Я говорю о модернистах, разумеется, не как о довольно узкой группе единомышленников или близких друг другу по идейно-эстетическим установкам людей, а как о наиболее авторитетном на Западе в 20 – 60-е годы нынешнего столетия литературном направлении, обусловленном исторической необходимостью. Такое понимание модернизма, как мне думается, оправдано не только тем, что оно созвучно оценке, в которой сходятся большинство западных теоретиков литературы, но и тем обстоятельством, что уже с начала 70-х годов можно говорить о превращении модернизма в постмодернизм. Ведь не секрет, что в авторитетных журналах Франции, США, ФРГ, Англии, в книгах, принадлежащих исследователям различных школ, в последние годы редко упоминаются французские экзистенциалисты, столь основательно в философском плане повлиявшие на модернистов разных стран. Общеизвестно, с каким уважением многие на Западе – и не только на Западе, но и, скажем, в Индии начиная со второй половины 30-х годов – относились к поэтическим и литературно-критическим сочинениям Т. С. Элиота. Сегодня же о нем говорят мало. Как бы ушел в прошлое и О. Хаксли. Исчез и термин, ранее широко употребляемый, – «поток сознания». Другими словами, есть много свидетельств того, что хотя модернизм еще и продолжает существовать, его былую власть стремится узурпировать постмодернизм, а на место экзистенциализма посягает постструктурализм, являющийся наиболее модным, хотя и резко критикуемым, направлением литературно-теоретической мысли в ряде известных университетов США, а может быть, и Запада вообще.

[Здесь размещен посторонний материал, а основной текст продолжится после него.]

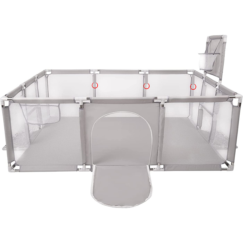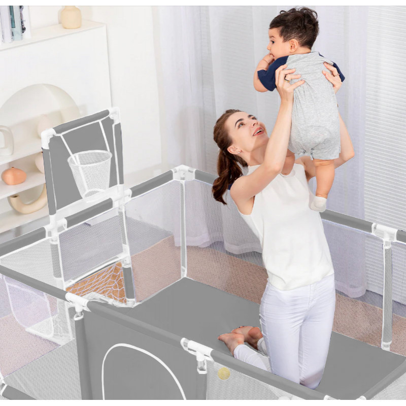 Atentie , bilele din plastic nu sunt incluse in pachet ! Tarcul pliabil, asigura ore de distractie fara sfarsit pentru unul sau mai multi copii. Cu parcul nostru, puteti crea un mediu de joaca sigur pentru copilul dumneavoastra. Vine cu pereti din plasa de ventilatie pentru o vizibilitate usoara si o usa cu fermoar pentru acces usor.Usor de asamblat si pus deoparte sau chiar de luat pentru vacante sau petreceri. In acest fel, veti avea intotdeauna o zona de joaca sigura. Copilul dvs. mic poate exersa statul in picioare si tararea in parc. El/ea poate sa se traga singur(a) si sa exerseze pasii in timp ce se joaca cu marginile din jur, cosul de baschet ofera un puls de distracte.
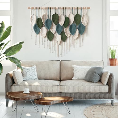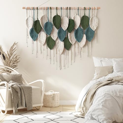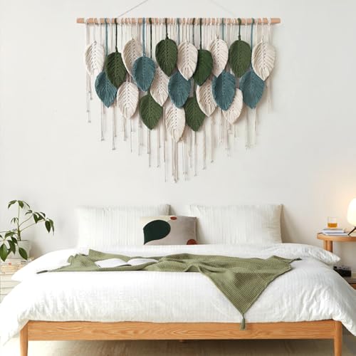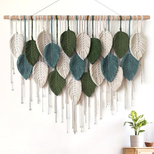 ASTNIC - بساط تعليق جداري من المكرمية بتصميم ورقة شجر، نسيج بوهيمي كبير منسوج يدويًا بشراشيب، ديكورات منزلية فنية أنيقة لغرفة النوم وغرفة المعيشة والحضانة من استنيك، 99 سم × 75 سم (عرض×طول)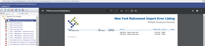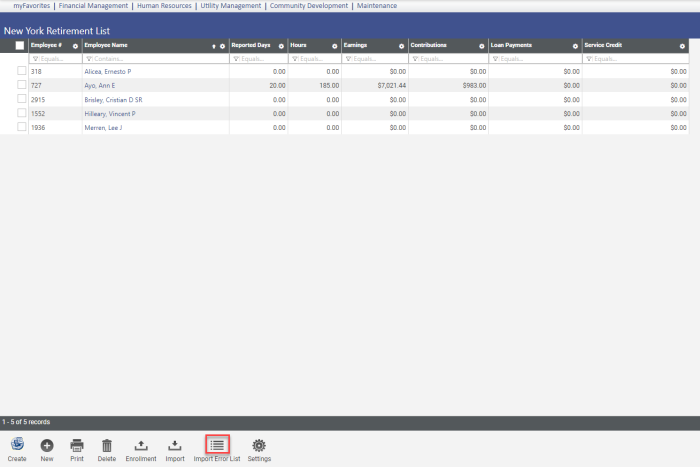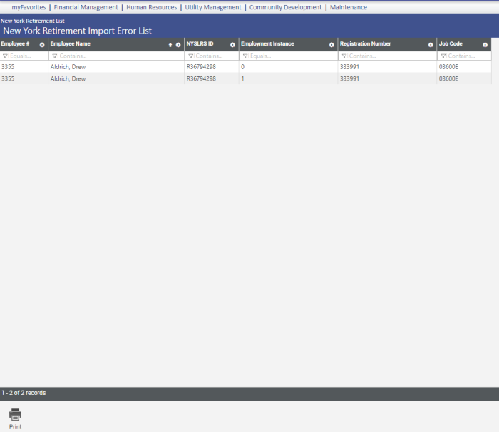 After you run an import, click this button to open the New York Retirement Report Error List page containing a grid of employees with multiple records: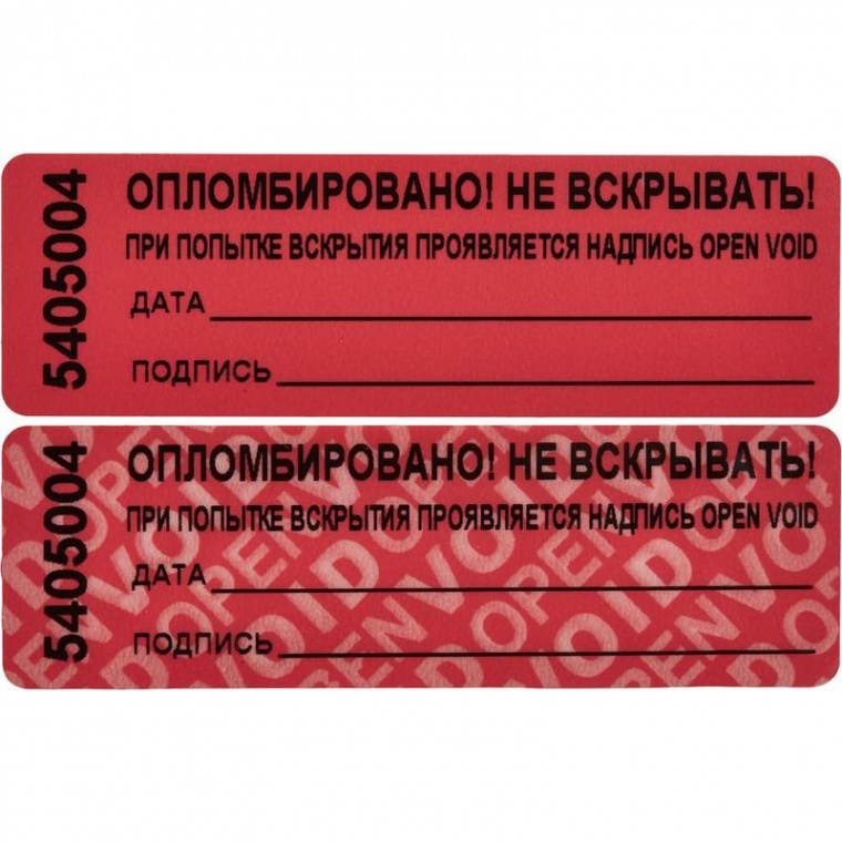 Пломба наклейка 66x22 мм красная (1000 штук в упаковке)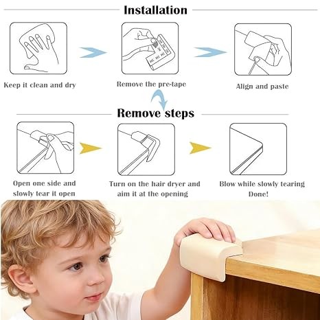 60-Second Hassle-Free Installation: All of our secure edge corner bumpers are pre-taped and heavy-duty adhesions for instant use-simply clean the furniture corner, peel off the tapes, align the guard perfectly with the corner, and press gently to secure,No extra tools or messy glue required.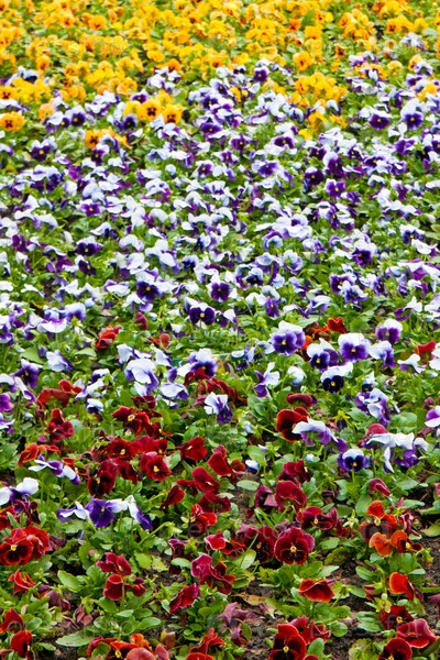 Клумба с разноцветными анютиными глазками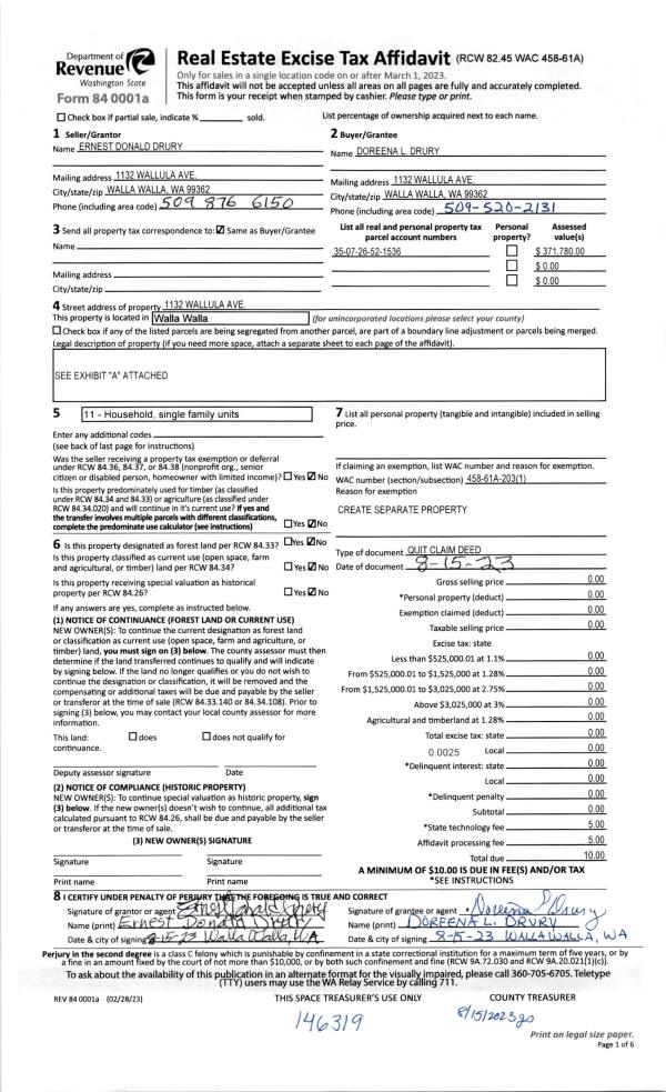 | 1 | 08/15/2023 | QCD | QUIT CLAIM DEED | DRURY ERNEST DONALD & DOREENA L | DRURY DOREENA L | | | | 146319 | 2023-04707 |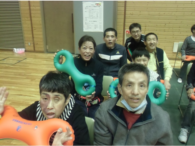 会員様の圧倒されそうなエクササイズのパフォーマンスには利用者の皆様も職員も自然と拍手を送っていました。そのあとは実際にベルを持って、北島三郎の名曲「まつり」に合わせてストレッチやシェイプアップのエクササイズに挑戦しました。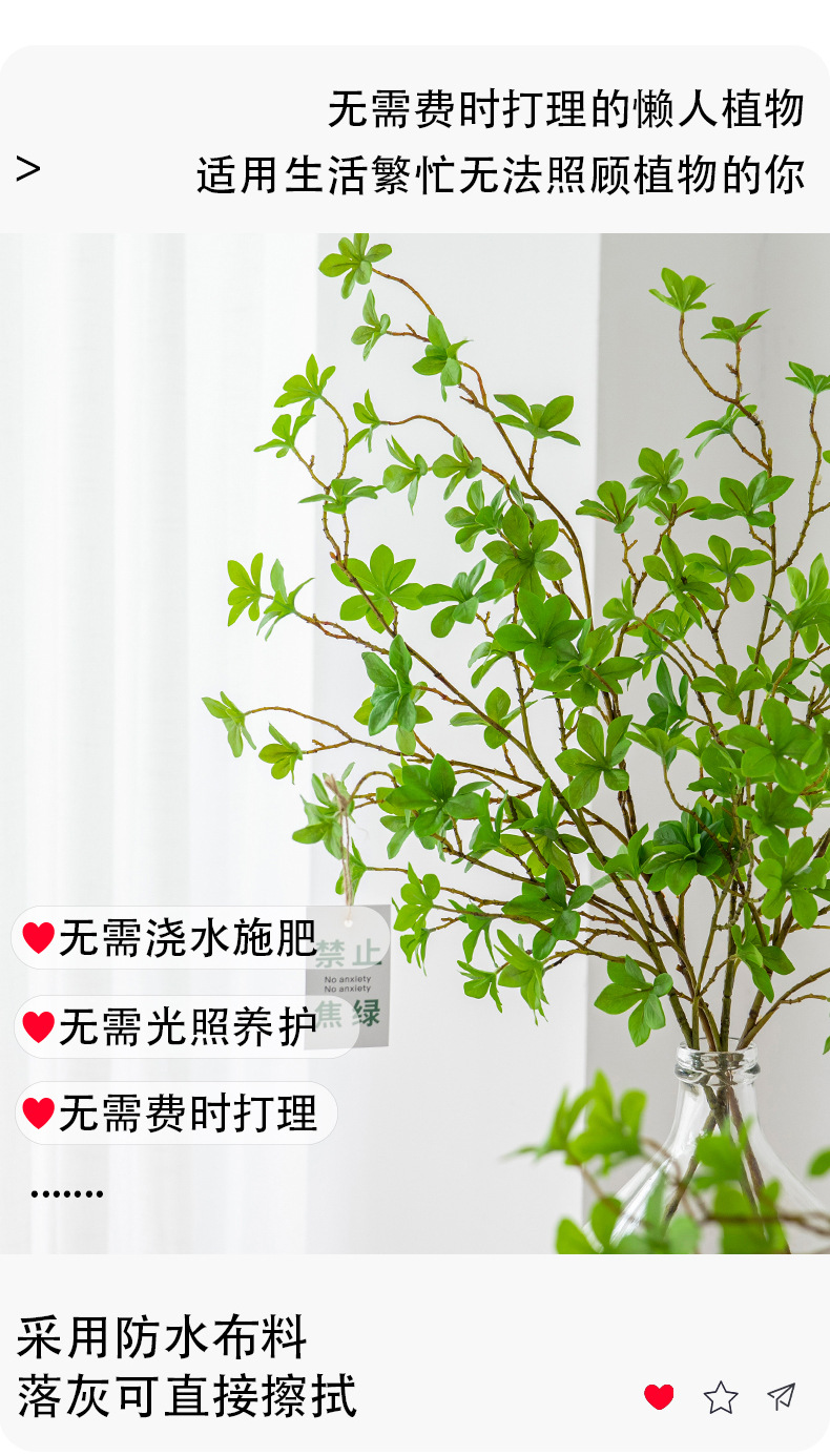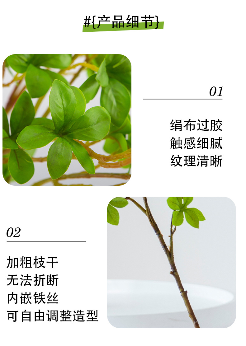 产品材质:绢布过胶叶子+塑料枝干+铁丝

Терминами «постмодернизм» и «постструктурализм» зарубежные исследователи, в том числе и ученые ряда социалистических стран, оперируют давно и широко, понимая под ними, правда, не всегда одни и те же вещи.
Участники дискуссии в «Вопросах литературы» пока мало коснулись новейших явлений. А жаль. Начав серьезный анализ постмодернистских явлений, к которым резко отрицательно относятся не только современные западные марксисты (американец Фредерик Джеймсон, англичанин Терри Иглтон), но и целые влиятельные издания («Нью-Йорк таймс бук ревью», например), мы пришли бы к выводу, что модернизм заслуживает более внимательного и положительного отношения. Однако даже Д. Затонский, уже давно находивший в модернизме антибуржуазные черты, спешит заявить (в весьма содержательном «Трактате о лояльности»): «Прошу понять меня правильно: я ни в малой степени не призываю модернизм «реабилитировать» («Вопросы литературы», 1988, N 7, с. 130).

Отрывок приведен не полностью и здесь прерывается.